→ Supplied records:
____
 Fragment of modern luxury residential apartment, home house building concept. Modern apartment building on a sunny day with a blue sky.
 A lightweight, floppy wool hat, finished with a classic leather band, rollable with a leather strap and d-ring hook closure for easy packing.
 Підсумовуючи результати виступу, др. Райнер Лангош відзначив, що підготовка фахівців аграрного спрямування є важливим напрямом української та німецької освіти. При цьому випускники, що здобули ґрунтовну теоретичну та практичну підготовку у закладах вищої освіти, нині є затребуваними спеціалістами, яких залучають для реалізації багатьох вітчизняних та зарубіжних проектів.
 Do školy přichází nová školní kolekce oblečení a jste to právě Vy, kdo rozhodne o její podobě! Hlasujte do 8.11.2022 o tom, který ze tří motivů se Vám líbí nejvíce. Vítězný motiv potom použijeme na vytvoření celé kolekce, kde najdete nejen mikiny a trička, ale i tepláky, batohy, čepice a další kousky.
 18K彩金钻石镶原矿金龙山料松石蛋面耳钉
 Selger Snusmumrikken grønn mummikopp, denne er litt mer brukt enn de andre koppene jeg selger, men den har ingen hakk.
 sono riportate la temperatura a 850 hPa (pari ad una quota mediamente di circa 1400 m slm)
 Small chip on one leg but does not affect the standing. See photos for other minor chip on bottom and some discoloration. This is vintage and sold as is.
____
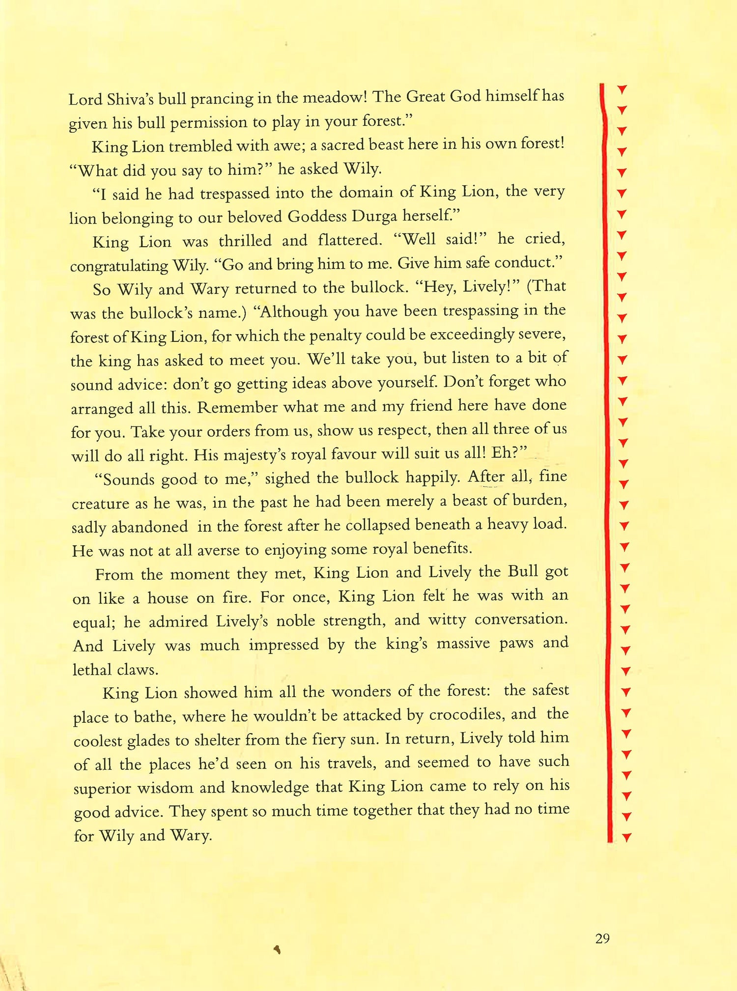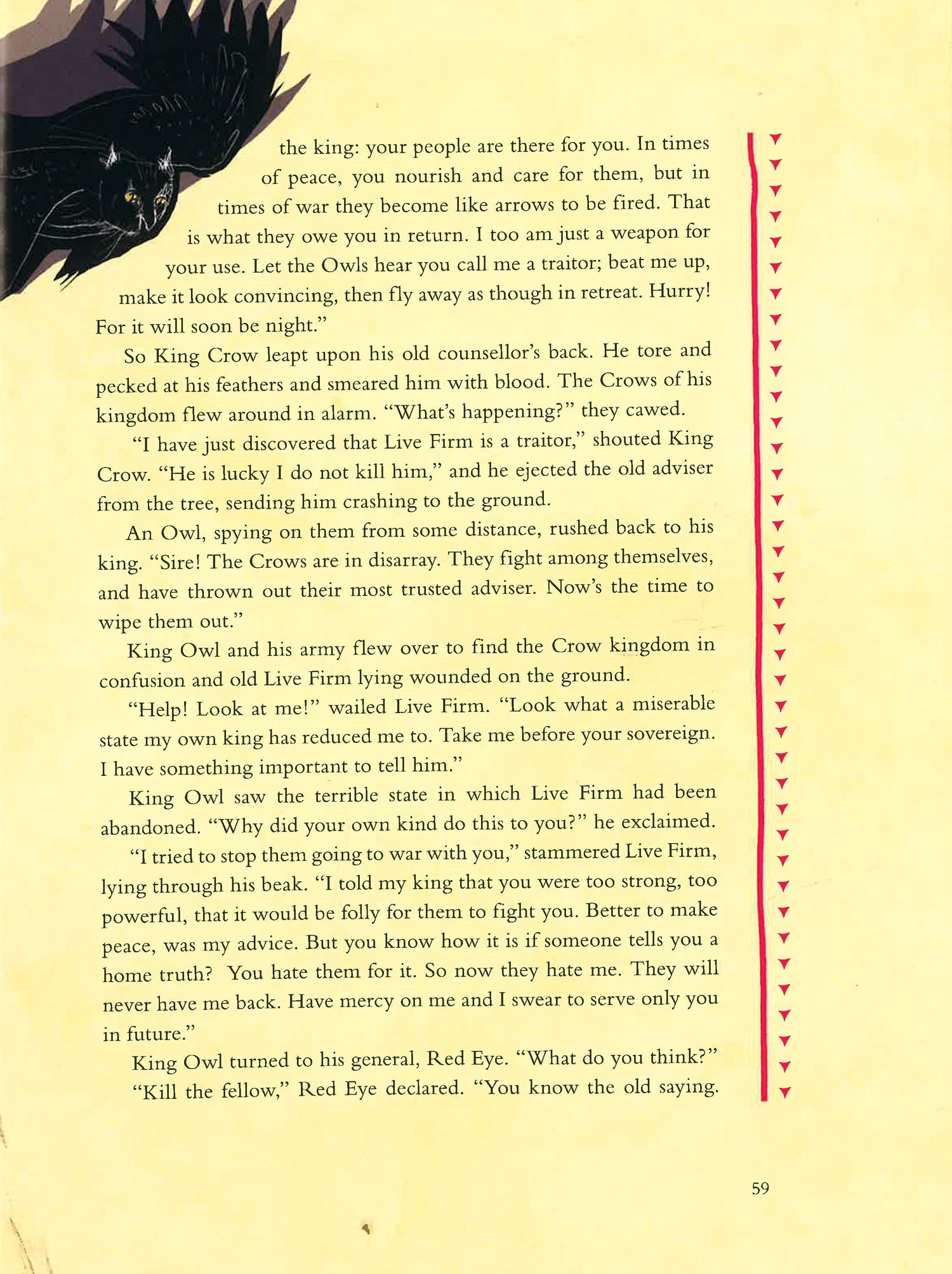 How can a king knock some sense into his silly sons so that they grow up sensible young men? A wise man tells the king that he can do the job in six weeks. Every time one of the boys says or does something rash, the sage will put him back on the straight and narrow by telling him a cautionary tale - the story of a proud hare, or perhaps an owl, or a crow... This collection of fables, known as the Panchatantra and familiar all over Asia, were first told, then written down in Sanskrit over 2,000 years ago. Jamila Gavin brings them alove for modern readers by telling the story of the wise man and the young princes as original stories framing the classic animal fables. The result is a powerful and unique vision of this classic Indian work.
____
→ The task:
What is needed is an exact copy of the lines above, from the one containing "Fragment of modern" through the one containing "Small chip on", with nothing added.

→ Solved exercise:
 Fragment of modern luxury residential apartment, home house building concept. Modern apartment building on a sunny day with a blue sky.
 A lightweight, floppy wool hat, finished with a classic leather band, rollable with a leather strap and d-ring hook closure for easy packing.
 Підсумовуючи результати виступу, др. Райнер Лангош відзначив, що підготовка фахівців аграрного спрямування є важливим напрямом української та німецької освіти. При цьому випускники, що здобули ґрунтовну теоретичну та практичну підготовку у закладах вищої освіти, нині є затребуваними спеціалістами, яких залучають для реалізації багатьох вітчизняних та зарубіжних проектів.
 Do školy přichází nová školní kolekce oblečení a jste to právě Vy, kdo rozhodne o její podobě! Hlasujte do 8.11.2022 o tom, který ze tří motivů se Vám líbí nejvíce. Vítězný motiv potom použijeme na vytvoření celé kolekce, kde najdete nejen mikiny a trička, ale i tepláky, batohy, čepice a další kousky.
 18K彩金钻石镶原矿金龙山料松石蛋面耳钉
 Selger Snusmumrikken grønn mummikopp, denne er litt mer brukt enn de andre koppene jeg selger, men den har ingen hakk.
 sono riportate la temperatura a 850 hPa (pari ad una quota mediamente di circa 1400 m slm)
 Small chip on one leg but does not affect the standing. See photos for other minor chip on bottom and some discoloration. This is vintage and sold as is.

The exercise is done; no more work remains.